PROBLEM STATEMENT -
I'd like the data beneath this line reproduced exactly, without any of its images.

MATERIAL PROVIDED -
::::

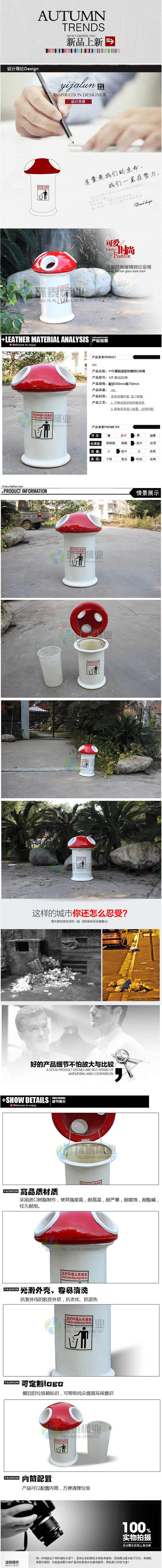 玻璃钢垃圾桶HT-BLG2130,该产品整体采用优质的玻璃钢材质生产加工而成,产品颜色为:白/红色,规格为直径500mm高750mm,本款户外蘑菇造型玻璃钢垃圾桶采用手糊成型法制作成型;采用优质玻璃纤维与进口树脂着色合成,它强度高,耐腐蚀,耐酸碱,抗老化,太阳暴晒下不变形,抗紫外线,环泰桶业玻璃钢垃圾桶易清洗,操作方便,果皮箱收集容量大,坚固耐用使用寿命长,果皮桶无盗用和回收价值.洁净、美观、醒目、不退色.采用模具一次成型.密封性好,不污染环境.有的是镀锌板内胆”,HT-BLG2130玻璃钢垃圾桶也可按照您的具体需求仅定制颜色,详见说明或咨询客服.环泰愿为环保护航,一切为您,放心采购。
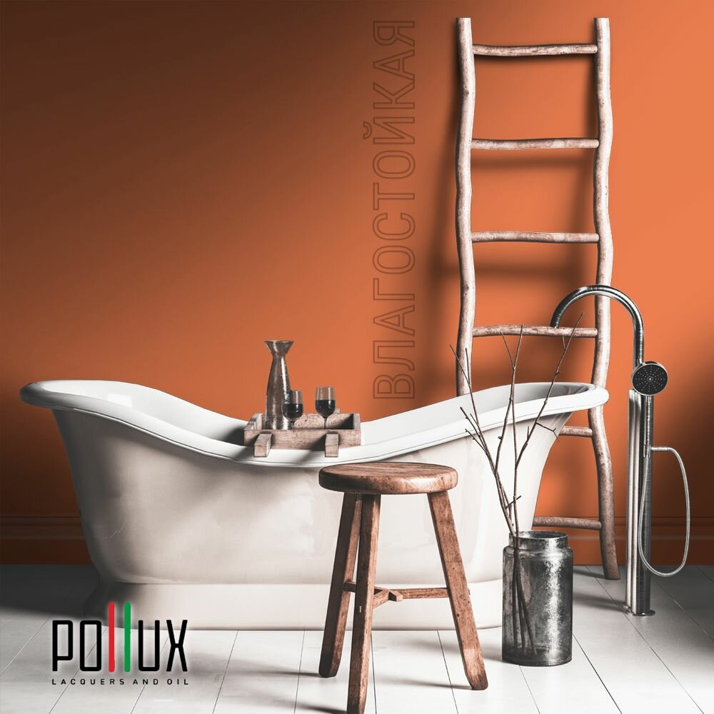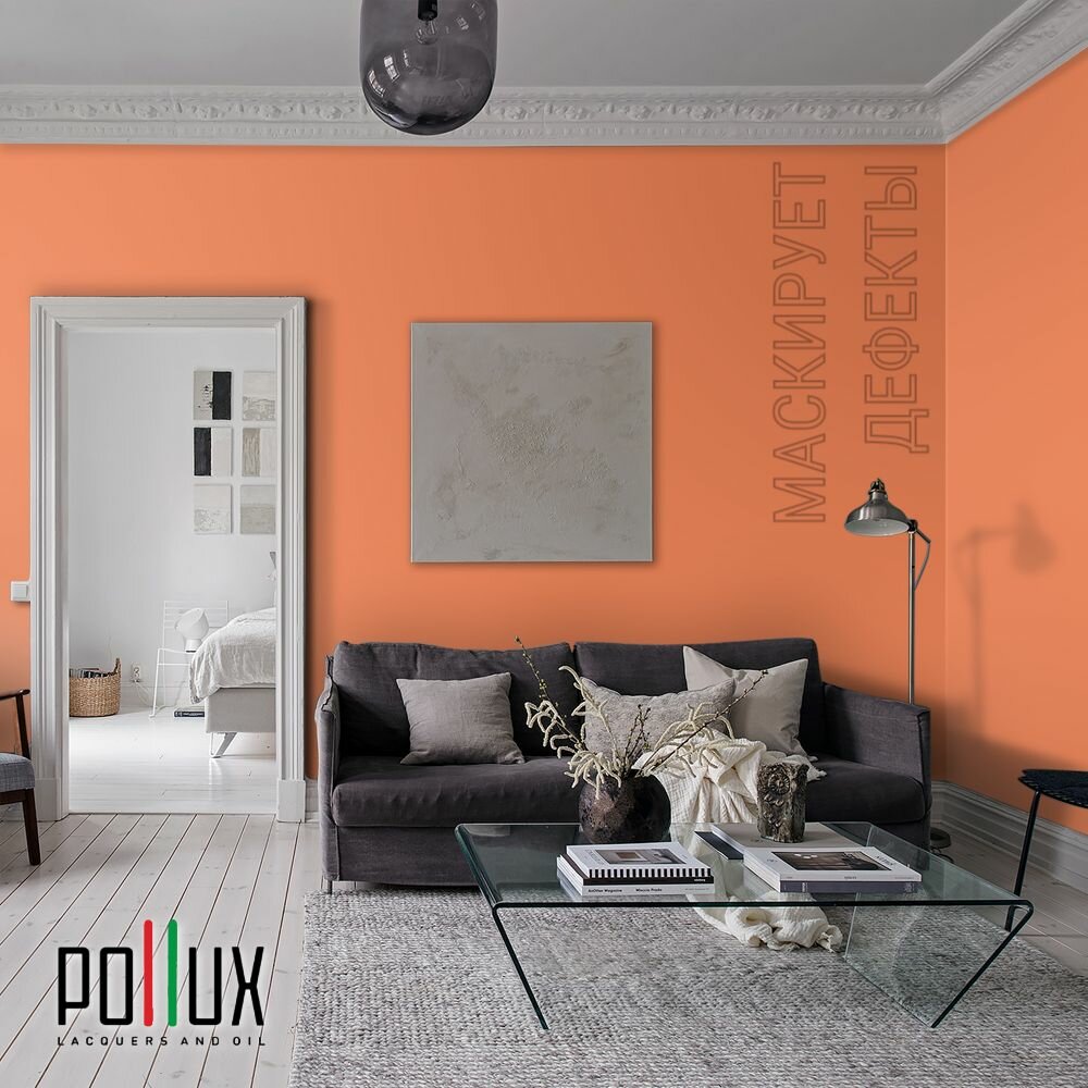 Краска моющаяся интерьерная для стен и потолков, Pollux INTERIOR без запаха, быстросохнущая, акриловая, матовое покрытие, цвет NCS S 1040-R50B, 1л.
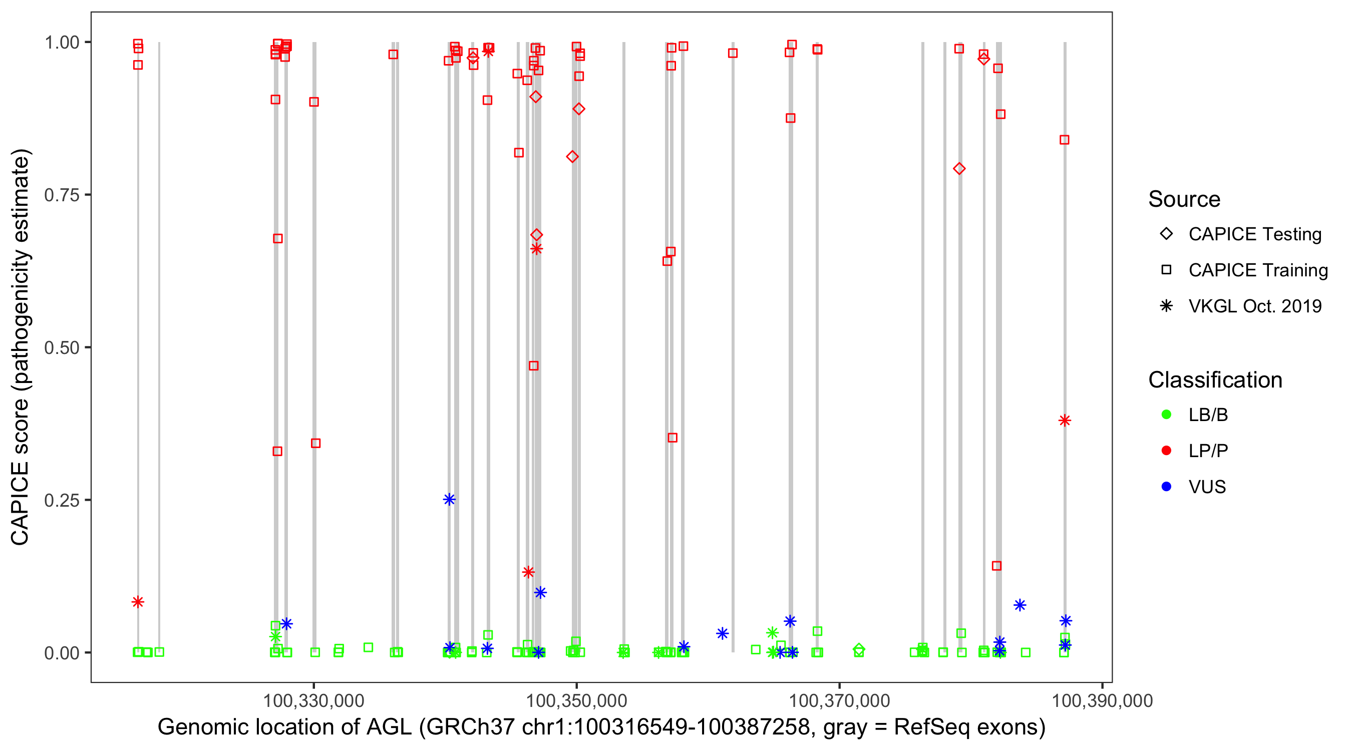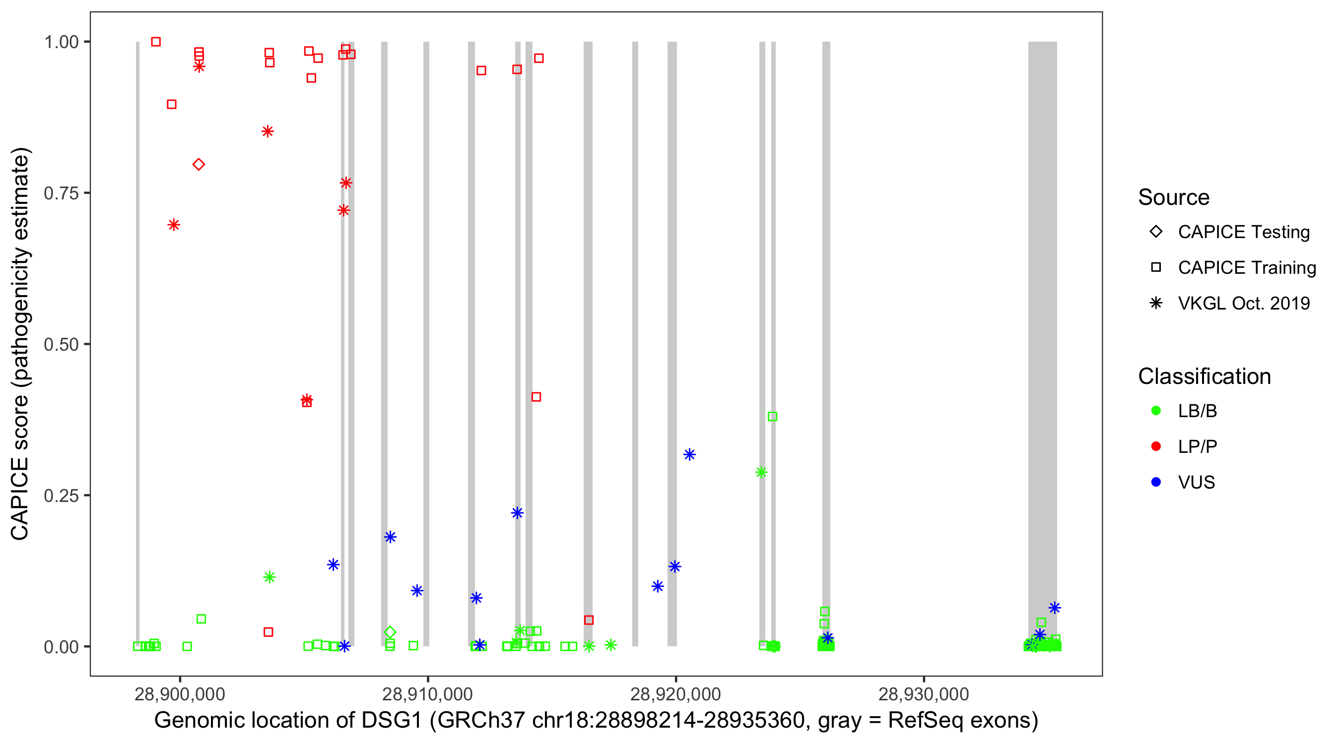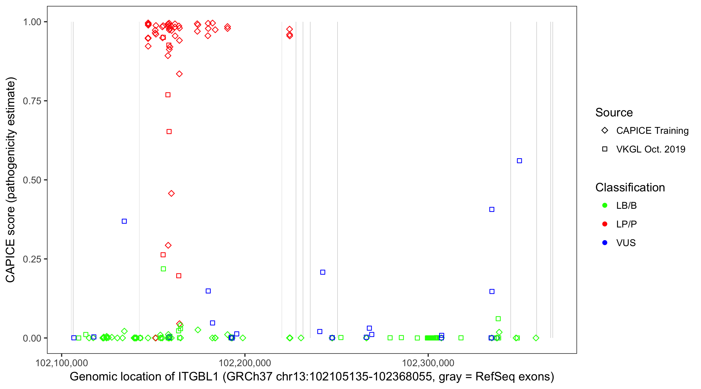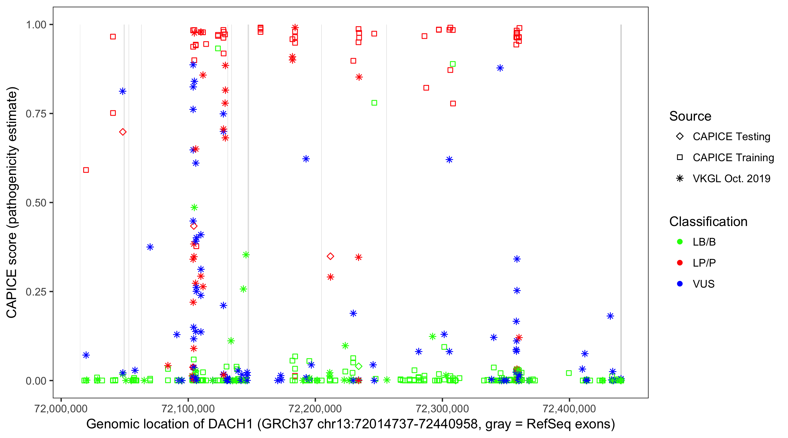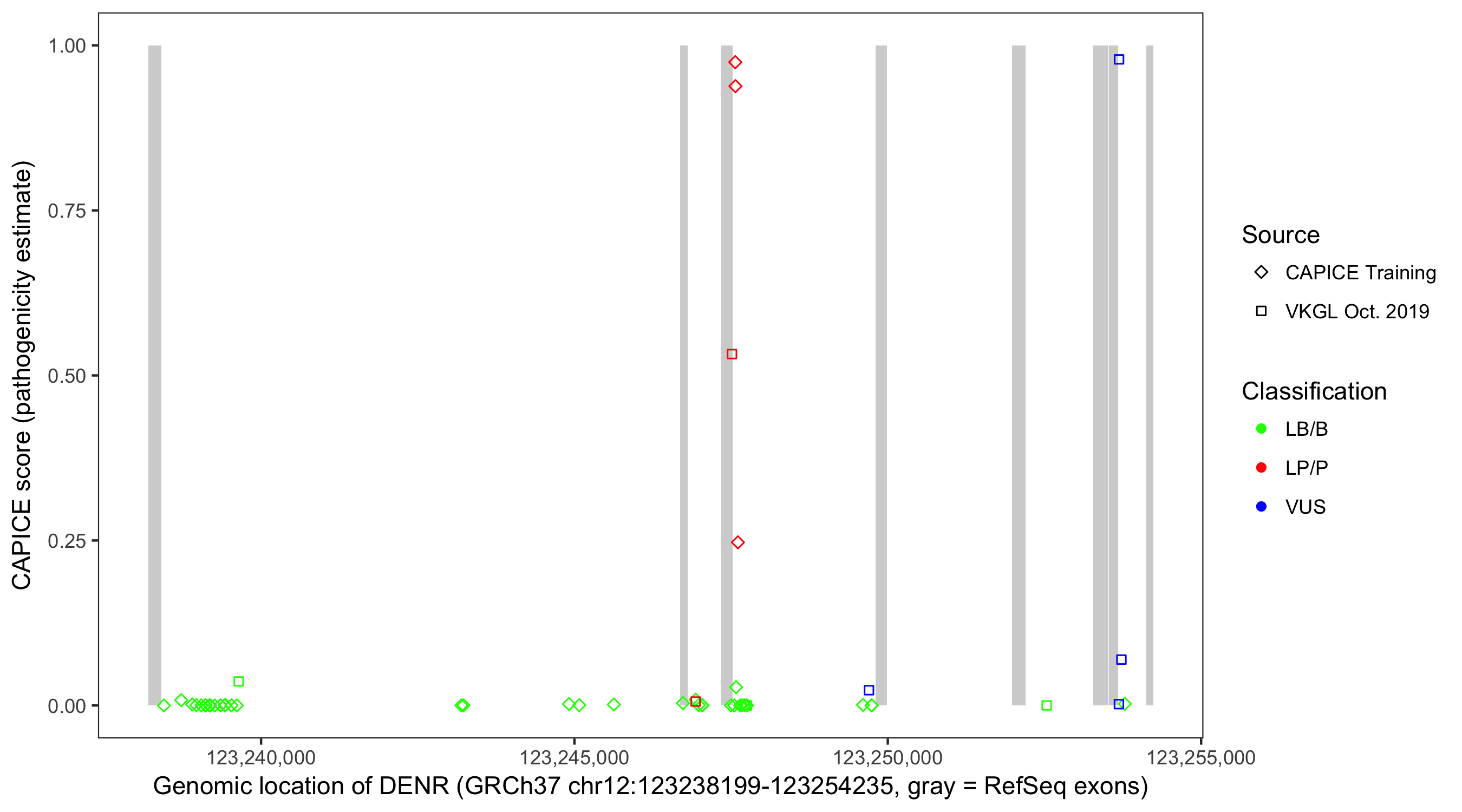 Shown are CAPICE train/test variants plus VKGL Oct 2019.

::::

YOUR RESPONSE -
 玻璃钢垃圾桶HT-BLG2130,该产品整体采用优质的玻璃钢材质生产加工而成,产品颜色为:白/红色,规格为直径500mm高750mm,本款户外蘑菇造型玻璃钢垃圾桶采用手糊成型法制作成型;采用优质玻璃纤维与进口树脂着色合成,它强度高,耐腐蚀,耐酸碱,抗老化,太阳暴晒下不变形,抗紫外线,环泰桶业玻璃钢垃圾桶易清洗,操作方便,果皮箱收集容量大,坚固耐用使用寿命长,果皮桶无盗用和回收价值.洁净、美观、醒目、不退色.采用模具一次成型.密封性好,不污染环境.有的是镀锌板内胆”,HT-BLG2130玻璃钢垃圾桶也可按照您的具体需求仅定制颜色,详见说明或咨询客服.环泰愿为环保护航,一切为您,放心采购。
 Краска моющаяся интерьерная для стен и потолков, Pollux INTERIOR без запаха, быстросохнущая, акриловая, матовое покрытие, цвет NCS S 1040-R50B, 1л.
 Shown are CAPICE train/test variants plus VKGL Oct 2019.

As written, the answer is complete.